- Directions -
Your answer should be only the lines below from the one with "隔夜、1个月、3个月Shib" to the one with "- Mit Lilly", repeated exactly, ends included.

- Records for the exercise -
================================

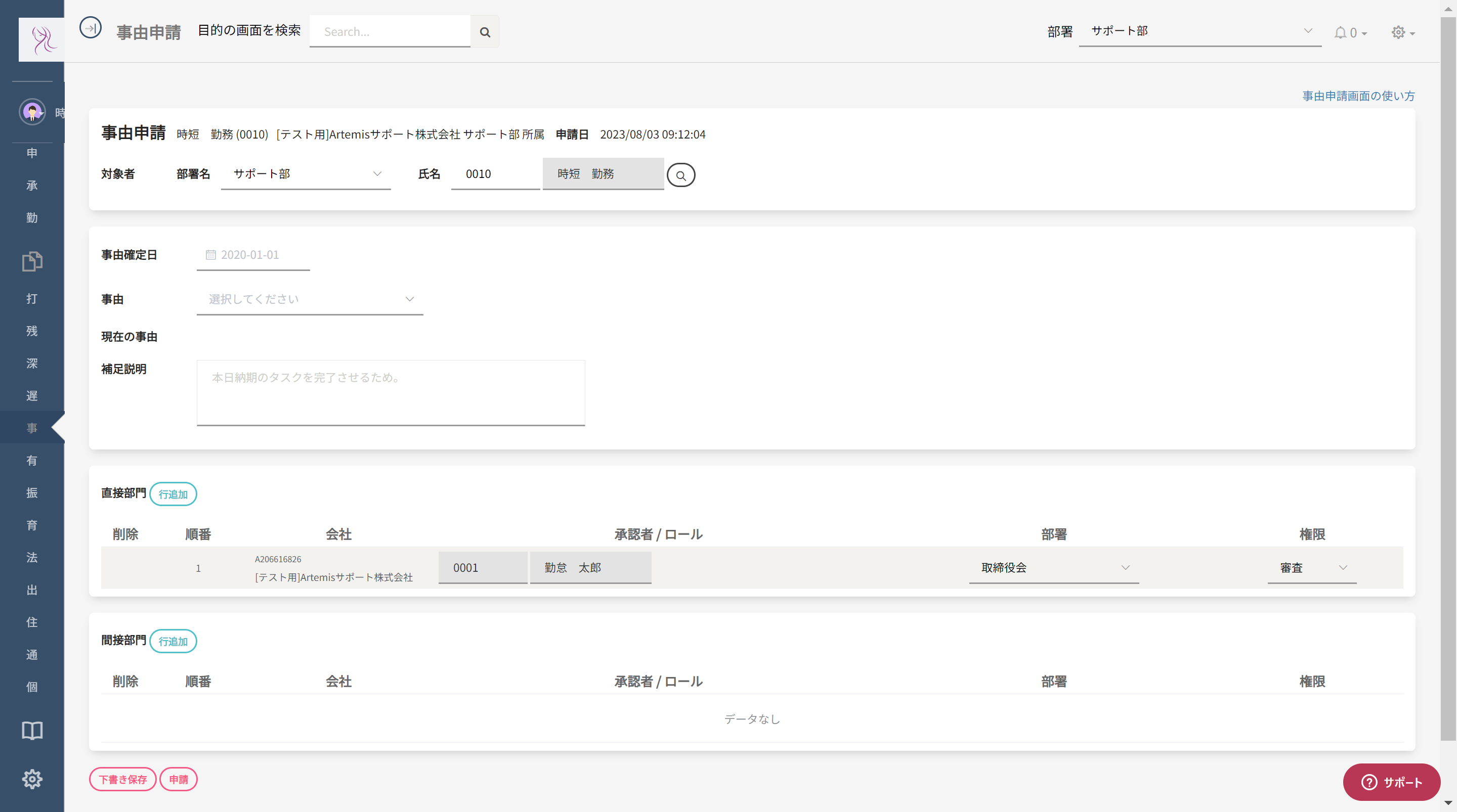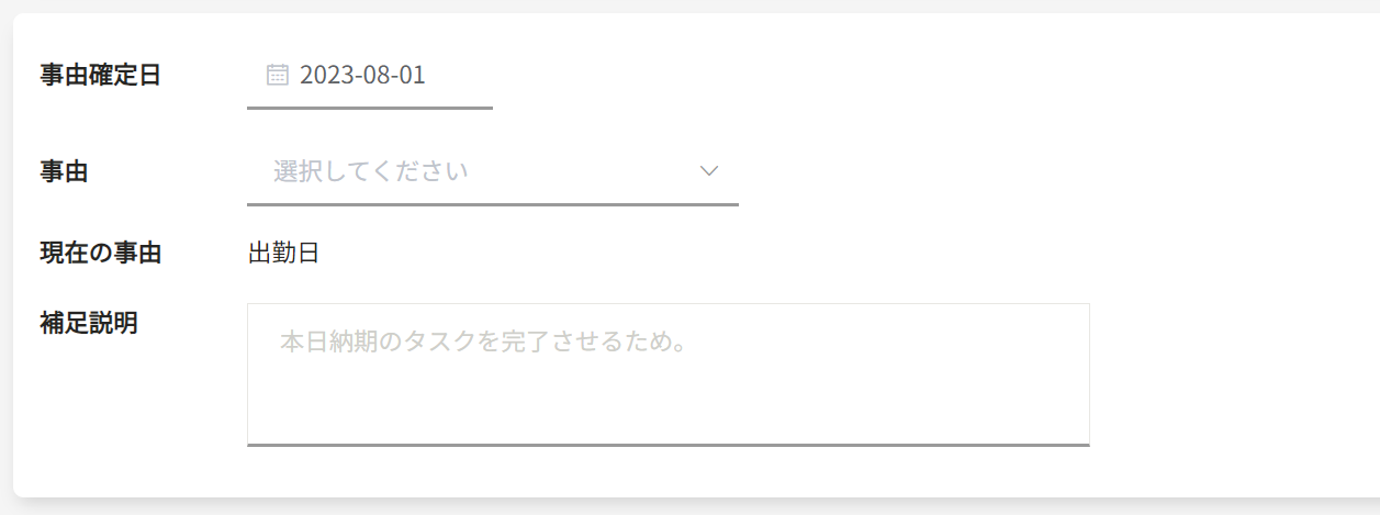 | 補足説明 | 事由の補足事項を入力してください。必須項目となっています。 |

================================

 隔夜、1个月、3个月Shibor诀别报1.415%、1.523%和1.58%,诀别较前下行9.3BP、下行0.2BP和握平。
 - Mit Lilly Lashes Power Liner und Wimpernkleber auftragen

================================

- Result below -
 隔夜、1个月、3个月Shibor诀别报1.415%、1.523%和1.58%,诀别较前下行9.3BP、下行0.2BP和握平。
 - Mit Lilly Lashes Power Liner und Wimpernkleber auftragen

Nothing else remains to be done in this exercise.